Najaf Gov. Adnan al-Zurufi later sent a bus to the hotel to collect journalists so he could deliver an apology, but the journalists refused to go.

Other developments

  • Torture was among the abuses committed at Abu Ghraib prison, said Maj. Gen. George Fay on Wednesday. His recently concluded report found that 23 U.S. military intelligence personnel and four contractors working with them could be associated with the abuses. (Full story)
  • U.S. bombing continued for a second day in the Sunni Triangle city of Falluja. The U.S. military launched airstrikes there after taking fire from enemy positions around the city and shot back with ground artillery and tank fire, a 1st Marine Expeditionary Force spokesman said Wednesday.
  • A top police official told reporters at the governor's office in Najaf that some of al-Sadr's top aides and Mehdi Army members have been apprehended. Officials claimed one of them was carrying $40,000 and stolen artifacts from the shrine. The brother of Sheikh Ali Smaisem confirmed the sheikh's arrest.
  • The brother-in-law of the Iraqi defense minister has been abducted -- according to a video aired Wednesday on Al-Jazeera, the Arabic-language TV network -- by militants who call themselves The Godly Rage Group. The video shows a man the group claims is a brother-in-law of Iraqi Defense Minister Hazem Sha'alan, identified as Gen. Salah Hassan Zeidan. At least one other man was seized. The video showed two men surrounded by militants who demand a halt to military actions in Najaf.

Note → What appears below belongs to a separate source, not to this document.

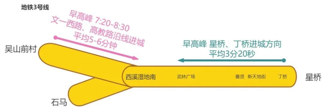 早高峰增投3列车,共线段星桥站至武林广场站方向行车间隔由平均4分钟加密至3分20秒,最短行车间隔3分钟,运能提升20%;支线段文一西路、高教路沿线进城方向,早上7:20-8:30行车间隔加密至平均5-6分钟。

  • Two Turkish companies began pulling staff and equipment out of Iraq "to save the lives" of two employees held captive by Islamic militants, a state-run news agency reported Thursday. A group calling itself Mujahid Imam Brigades on Wednesday issued a video showing the two electrical workers, identified as Abdullah Ozdemir and Ali Daskin.
  • CNN's Kianne Sadeq in Najaf, a CNN stringer in Falluja, and Kevin Flower and Cal Perry in Baghdad contributed to this report.